His music — a combination of traditional African sounds and Western pop played on both African and Western instruments — provided the soundtrack to the country’s struggle against British colonial rule in the 1970s and its eventual independence in 1980.
As the years passed, he began criticising the country’s new government, aghast at its civil rights violations and economic oppression.
In 2004, he exiled himself from Zimbabwe to Oregon; he now lives with his wife and children in Eugene and continues to spread his message of unity through his music.
But after countless shows in the U.S. with his longtime band, the Blacks Unlimited, Mapfumo is worried his impassioned pleas are falling on deaf ears.
“I don’t think [American audiences are] paying an ear about it. If they were paying an ear to… the messages through my music, they would be doing something to help the Zimbabweans,” he said.
“Do you know, when we used to go to England to play for a mild racial audience, and mostly our audience were white.
“And today when we go to play music in England, it’s all about our people — you don’t see any white people now.
“A lot of [the Zimbabwean] people now are running away from home; they are refugees in England.
“A lot of people from Zimbabwe are living here in America now; they’re running away from those problems. And America doesn’t even notice that.”
Mapfumo isn’t about to give up his mission, though. “I stand with the poor people, and this is the reason why I’m not at home, back home, because I am against that government,” he said.
He perfomed in Oregon on Friday. After that, he’ll head back to Mozambique and South Africa for a tour at the end of November.
The tour could prove historic: Mapfumo and his band have plans to visit Zimbabwe for the first time in a decade.
Constant harassment from the Zimbabwean government put a halt to his visits to the country shortly after his move, but the time has come for his return, he said.
“When I go back there, my friend, it’s gonna be — well, I don’t know. It’s gonna be a very, very big day for people, especially for Zimbabweans,” Mapfumo said.

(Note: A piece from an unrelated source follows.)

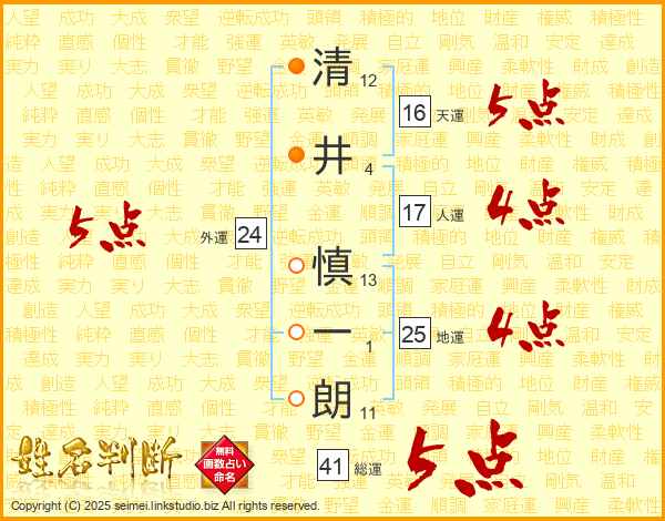 清(12画)井(4画) 慎(13画)一(1画)朗(11画)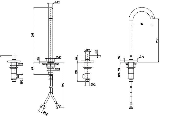 QuadroDesign FFQT Bateria umywalkowa brushed stainless steel 2132VAS

“They know who I am, they know I’m fighting against that government and I’m opposed to everything they are doing to our people.
“So last time when I went to Mozambique, a lot of them came across the border to come to Mozambique just to see my face and to listen to my music.

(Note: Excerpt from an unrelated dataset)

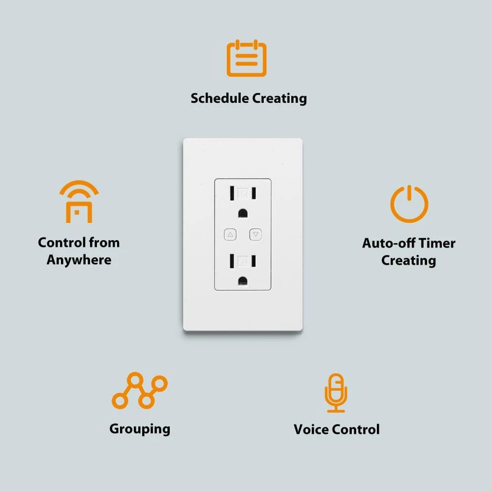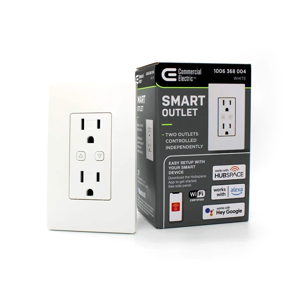 The Commercial Electric Wi-Fi and Bluetooth enabled smart outlet allows you to control your lights, appliances, or any other device via app from wherever you are. No hub is required. The Commercial Electric Smart Outlet allows you to use your voice to turn on or off the device of your choice. You can also pre-set on/off schedules via the Hubspace app for Android or iPhone. Schedule your outlets to turn on/ off automatically or schedule your fan to turn on/off automatically. Use this smart outlet with any home devices or appliances.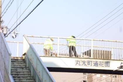 今朝起きると,うっすら雪が積もっていました。歩道橋の階段にももちろん雪が。階段や通路に積もった雪を【花園子ども見守り隊】の方が竹箒ではいてくださっていました。学校のそばにある歩道橋は,花園小学校のほとんどの子ども達が登下校に使っています。近くの病院に出勤される目の不自由な方や中学生,高校生も使います。利用者の安全を考えてやってくださっていました。大変ありがとうございます。

“I’ve never abandoned the poor people; they see me as their hero in some ways. Some even cried tears when they saw me in Mozambique.”
Mapfumo has carried on his work even in exile, continuing to release albums on a regular basis.
His most recent album, last year’s Danger Zone, coincided with a joint biography and career-spanning compilation album put together by longtime friend and bandmate Banning Eyre, Lion Songs: Thomas Mapfumo and the Music That Made Zimbabwe.
The biography recounts Mapfumo’s early years growing up in rural Marondera, Zimbabwe, under British colonial rule, where he absorbed the music and culture of his people.
By age 10, he was living in Mbare, where he got his first taste of Western music.
“I grew up in a country myself where there was no radio music, and my own parents were staying in the city and I was staying with my grandparents who were staying in the country,” Mapfumo said.
“My own parents relocated to the city, and the first time I started listening to radio music, I started listening to a lot of bigger names like Elvis Presley, Frank Sinatra and Nat King Cole, every one of them.
“I went through a lot of music — The Beatles, The Rolling Stones, Chicago Transit Authority, Blood, Sweat and Tears.”
As a teenager, he began playing these songs in groups such as the Hallelujah Chicken Band and Acid Band, but soon felt the urge to express his people’s struggles through his music.
He founded Blacks Unlimited in 1978, transposing the rhythms of the mbira, or thumb piano, on his guitar and creating Chimurenga (“struggle” in Shona).
“When I started writing Chimurenga, I was thinking of my own identity,” Mapfumo said.
“I wanted to identify my own self with my own people. When my people were fighting for their freedom in that country, that’s when I started seriously writing my own music, and I was supporting the struggle itself.”
The music’s revolutionary themes eventually landed Mapfumo in jail in 1979, after the colonial government deciphered the inflammatory messages in the Shona lyrics.
But he was released in time for the first free elections in Zimbabwe in 1980.
At the time he played a celebratory concert alongside reggae legend Bob Marley — an early and obvious influence on Mapfumo.